Brasileiros – Você tem uma formação de fotógrafo. Isso, de alguma forma, contribuiu para que você enveredasse para o cinema?
E.C. – Eu, que sempre trabalhei com a imagem estática, pressentia que faltava algo. E esse algo era trabalhar com a imagem em movimento. Daí, fui para o cinema, para o documentário, porque sentia uma necessidade de falar da realidade. Tem uma frase do cineasta Pier Paolo Pasolini, que muito me influenciou, que diz: “Falar da realidade através da realidade”. É isso que me instiga, que me move, que alimenta a minha necessidade profissional de cineasta.

Brasileiros – Seu documentário fala de um profissional que foi pioneiro nos meios de comunicação, principalmente o rádio. A história só era conhecida pela família e por quem viveu com ele, que infelizmente já morreu. Essa falta de preservar a memória, dos que fizeram a história do rádio e da televisão, muito se deve a quem trabalha hoje nesses meios de comunicação. A Regina Casé, que por sinal é neta do Ademar, é um bom exemplo. Programas como Brasil Legal e Muvuca (Estevão Ciavatta, inclusive dirigiu esses programas para a rede Globo), de certa forma, valorizavam um país que vive na ignorância, e se sente bacana por isso…
E.C. – O próprio Ademar Casé tinha pouquíssimo estudo e cultura e fez o que fez. Não estou fazendo aqui uma apologia à falta de estudo e de cultura. Estou querendo dizer que, mesmo sem isso, ele conseguiu fazer programas de qualidade e descobrir artistas talentosos. Não sou um cara preconceituoso. Gosto da comunhão das coisas, de tentar entender esse caldo de coisas que existe na nossa cultura. Claro que tenho severas críticas à qualidade da programação da televisão, do seu conteúdo. Acho que isso se deve muito a falta de estudo do nosso povo.
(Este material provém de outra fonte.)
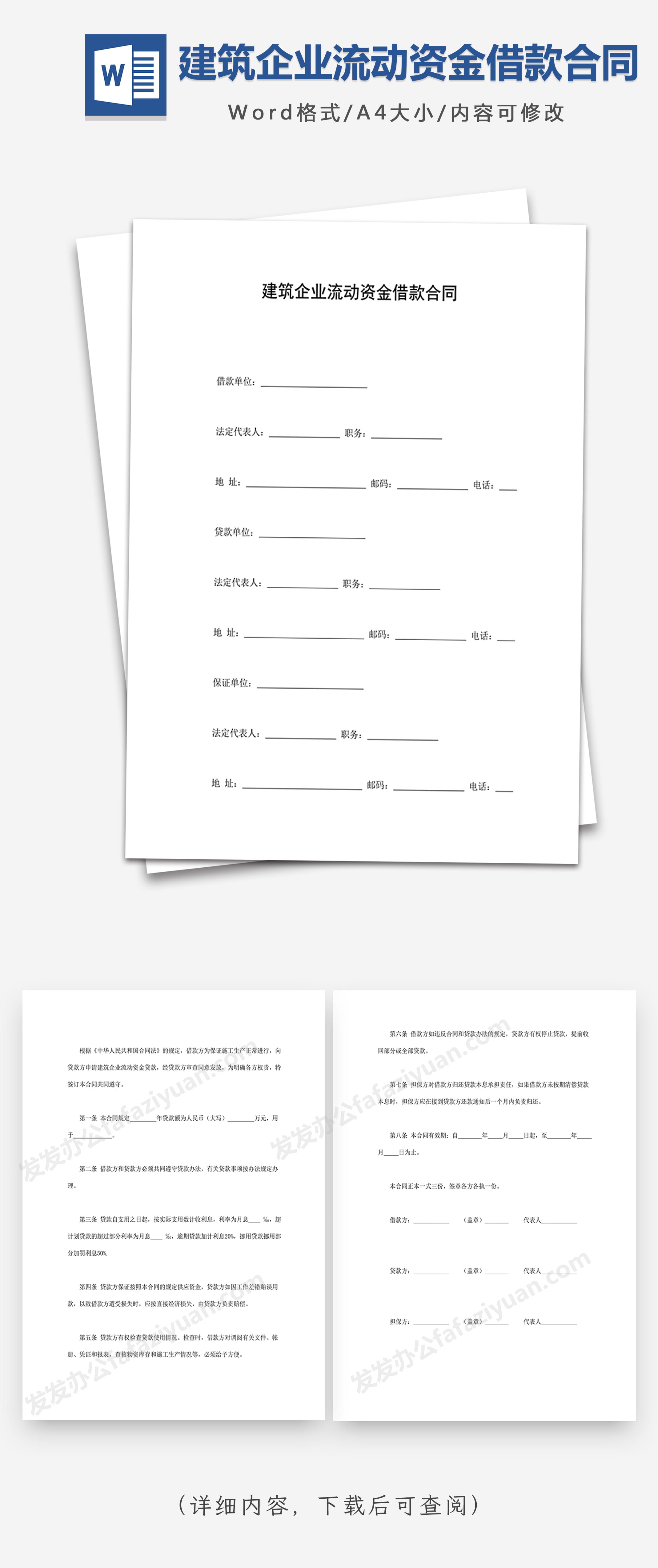 本作品内容为建筑企业流动资金借款合同, 格式为 docx, 大小1 MB, 页数为4, 请使用软件Word打开, 作品中主体文字及图片可替换修改,文字修改可直接点击文本框进行编辑,图片更改可选中图片后单击鼠标右键选择更换图片,也可根据自身需求增加和删除作品中的内容, 源文件无水印, 欢迎使用发发资源库。

O cinema confessional de Alain Cavalier

O último filme do cineasta francês Alain Cavalier, que completará 80 anos em 2011, é puramente confessional. No documentário Irene, o cineasta fala da perda de sua primeira esposa, Irène Tunc, morta em um acidente de automóvel, no início dos anos 1970. O diretor, que também fez filmes ficcionais, já experimentou um pouco de tudo na sétima arte. Fez filmes comerciais, autorais e experimentais, mas sempre procurou cultivar o intimismo no tratamento de seus temas. Em seus documentários há uma evocação da memória, como uma maneira de juntar pedaços da vida espalhados pelo tempo, implacável na fragmentação do nosso “eu”. O festival faz uma retrospectiva de alguns dos documentários de Cavalier (A Senhora-Lavabo, A “Maitrê-Verrier”, A Fazedora de Colchões, A Optometrista, A Romancista, Esta Secretária Eletrônica não Grava Recados, O Encontro, O Homem-Cinema e Irene). Nesta terça, na Cinemateca Brasileira, serão exibidos cinco documentários do diretor, a partir das 20h. Na Reserva Cultural, serão exibidos Esta Secretária Eletrônica não Grava Recados (às 17h) e O Homem-Cinema (às 19h). Imperdível.